Başkent Ankara. Pek çok ilkleri barındıran şehir Ankara. Bozkırın ortasında yeşeren bir umut olan Ankara. Gri şehir Ankara.. Bu liste böyle uzadıkça uzar. Peki Ankara, günümüzde nasıl bir Ankara?
İşte buna cevap vermek asıl önemli olan. Ankara son yıllarda trafiğiyle dikkat çekiyor. İstanbul’un bilinen trafiği şimdi Ankara ile yarışır düzeyde. Ankara trafiği öyle anlar oluyor ki çileye dönüyor. Özellikle hafta içi iş çıkış saatleri bir yerden bir yere varmak neredeyse imkânsız gibi. Oysa önceleri öyle miydi? Trafik derdi olmayan şehir olarak biliniyordu. Büyükşehirler arasında ‘işte burada yaşanır’ umudu veriyordu. Peki şimdi gerçek ne durumda…
Trafiği, keşmekeşi, curcunası, kaosu. Listeyi daha uzatabiliriz elbette. Ancak karamsarlığa gerek yok. Her büyükşehirde olduğu gibi Ankara’da ciddi göç alan illerden birisi. Bu gerçek çok açık. İşte bu ‘yaşanılabilir şehir’ algısı Ankara’yı şimdi ‘yaşanamaz şehir’lerden birine döndürüyor.

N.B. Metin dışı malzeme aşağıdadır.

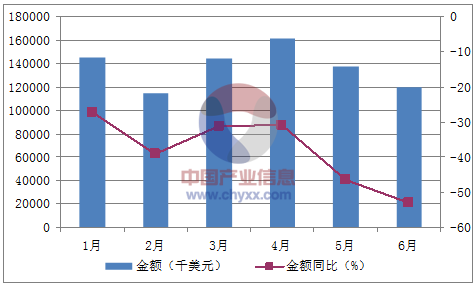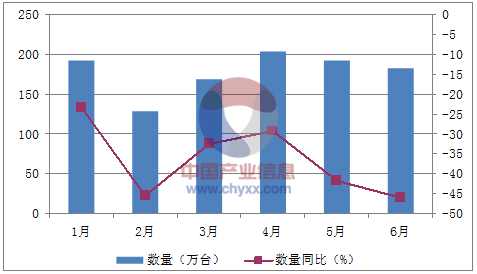 月份數量(萬臺)金額(千美元)數量同比(%)金額同比(%)1月193144,940-23.2-27.12月129115,038-45.4-393月169144,227-32.6-31.14月204161,515-29.3-30.95月192137,549-41.8-46.36月182119,875-46.1-52.8數據來源:中國海關,中經先略數據中心整理

Herkes trafiğe çıktıkça trafik daha da büyüyor. Bu noktada çözüm, yolları genişletmek değil; şehir yaşamını yeniden düşünmek. Ankara, merkezine sıkışan bir şehir olmaktan çıkmalı. Ofislerin, kurumların farklı bölgelere yayılması gerekiyor. Uzaktan çalışma ve esnek mesai saatleri de şehir planlamasının bir parçası olmalı. Biraz böyle düşününce sanki her şey normale dönebilecekmiş hissi uyandırmıyor mu sizde de? Bir umut
Eğer bu değişim gerçekleşmezse, Ankara’da ilerlemek kelimenin tam anlamıyla imkânsız olmaya devam edecek.